Every line of the data below should be retyped exactly, with no images carried over.

**INFORMATION SHOWN:**
════
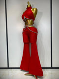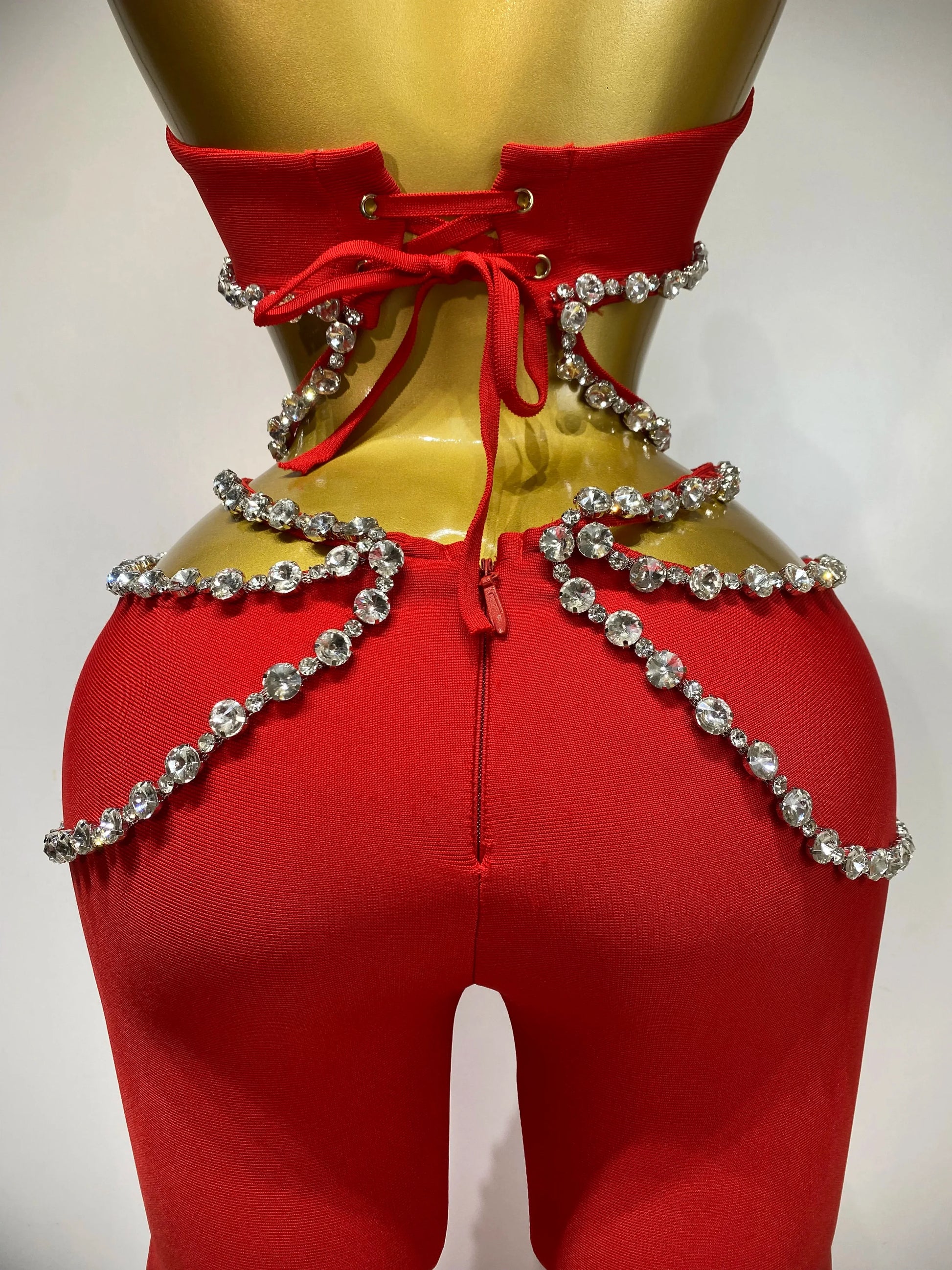 Women Luxury Rhinestone Red Sexy Cut Out Two Piece Pants Bandage Set Celebrity Designer Fashion Women's Set Stage Outfit
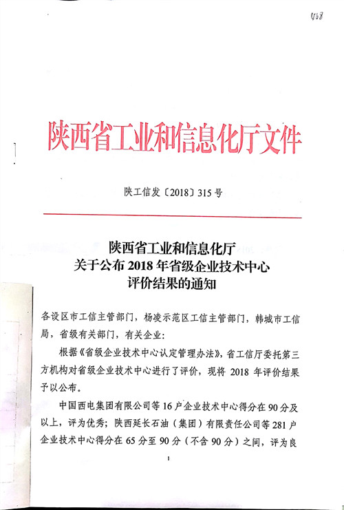 根据陕工信发[2018]315号文件《陕西省工业和信息化厅关于公布2018年省级企业技术中心评价结果的通知》,我司在此次评价中取得83.64分的喜人成绩。
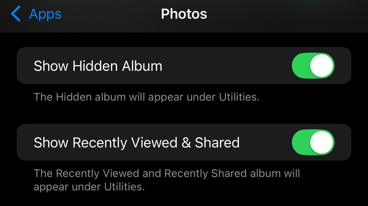 Yüklendikten sonra, ‘Son Görüntülenen’ ve ‘Son Paylaşılan’ galerilerinizi devre dışı bırakma yetkiniz, Ayarlar uygulamasına giderek ‘Uygulamalar’ı seçip ardından ‘Fotoğraflar’ı seçerek elde edilebilir. Devre dışı bırakıldığında, bu albümler sadece Yardımcılar bölümünde görüntülenebilir hale gelecektir.
════
**SOLUTION TO THIS TASK:**
 Women Luxury Rhinestone Red Sexy Cut Out Two Piece Pants Bandage Set Celebrity Designer Fashion Women's Set Stage Outfit
 根据陕工信发[2018]315号文件《陕西省工业和信息化厅关于公布2018年省级企业技术中心评价结果的通知》,我司在此次评价中取得83.64分的喜人成绩。
 Yüklendikten sonra, ‘Son Görüntülenen’ ve ‘Son Paylaşılan’ galerilerinizi devre dışı bırakma yetkiniz, Ayarlar uygulamasına giderek ‘Uygulamalar’ı seçip ardından ‘Fotoğraflar’ı seçerek elde edilebilir. Devre dışı bırakıldığında, bu albümler sadece Yardımcılar bölümünde görüntülenebilir hale gelecektir.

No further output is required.